There’s so much to say about this film! Director Eric Machiela’s use of nature imagery is perfectly-timed and poignant. (The saccharine piano music is the only major aesthetic flaw.) It opens a bit defensively, with the three subjects talking about how they just want to be known and not judged, but once we settle in to hearing their stories the movie finds its rhythm. I wanted to know so much more about all of them; I wanted to hang out with them. There are tart words from Mother Angelica, “the pirate nun,” and tender memories of the good old nights at Studio 54; there’s fondness for the Church and fury at God; financial upheaval, a miserable peace sign, self-sacrificial gay love, and a Good Friday buzzkill from John Paul II himself.

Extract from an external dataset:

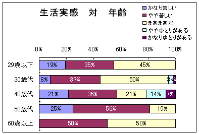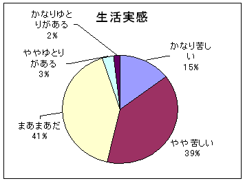 生活実感の実態は、「かなり苦しい」と「やや苦しい」をあわせると54%と「かなりゆとりがある」「ややゆとりがある」をあわせた5%を圧倒。

There are some fascinating theological contrasts: Paul’s most direct experiences of God come when he is being rescued or spared something he expected to be unbearably painful—the most intense example comes when he’s on the way to the doctor to learn his HIV status—whereas both Dan and especially Rilene see God’s hand most clearly in the losses and humiliations of life. (For readers of my AmCon piece: I was struck by how unembarrassed Dan and Rilene were by their own loneliness and suffering. It’s a part of life, to be approached with the same passion and good humor as other parts.) I think this movie would challenge any Christian—no matter their church affiliation or views on sexual ethics. It shows the wild diversity within orthodoxy, the sheer weirdness and unpredictability of faithful Catholic lives.
“Desire” beautifully shows common human experiences such as longing, loneliness, the loss of a loved one, the slow building of a lifelong love, and the attempt to reconcile religious faith and romantic love, experienced from a unique perspective. These stories are as richly textured as a nineteenth-century novel, suffused with hope and mystery, and told just about as well as I can imagine. I’m not sure how to get a copy, but you can try Gorilla Pictures or Level Ground—it’s worth making a real effort to find this thing.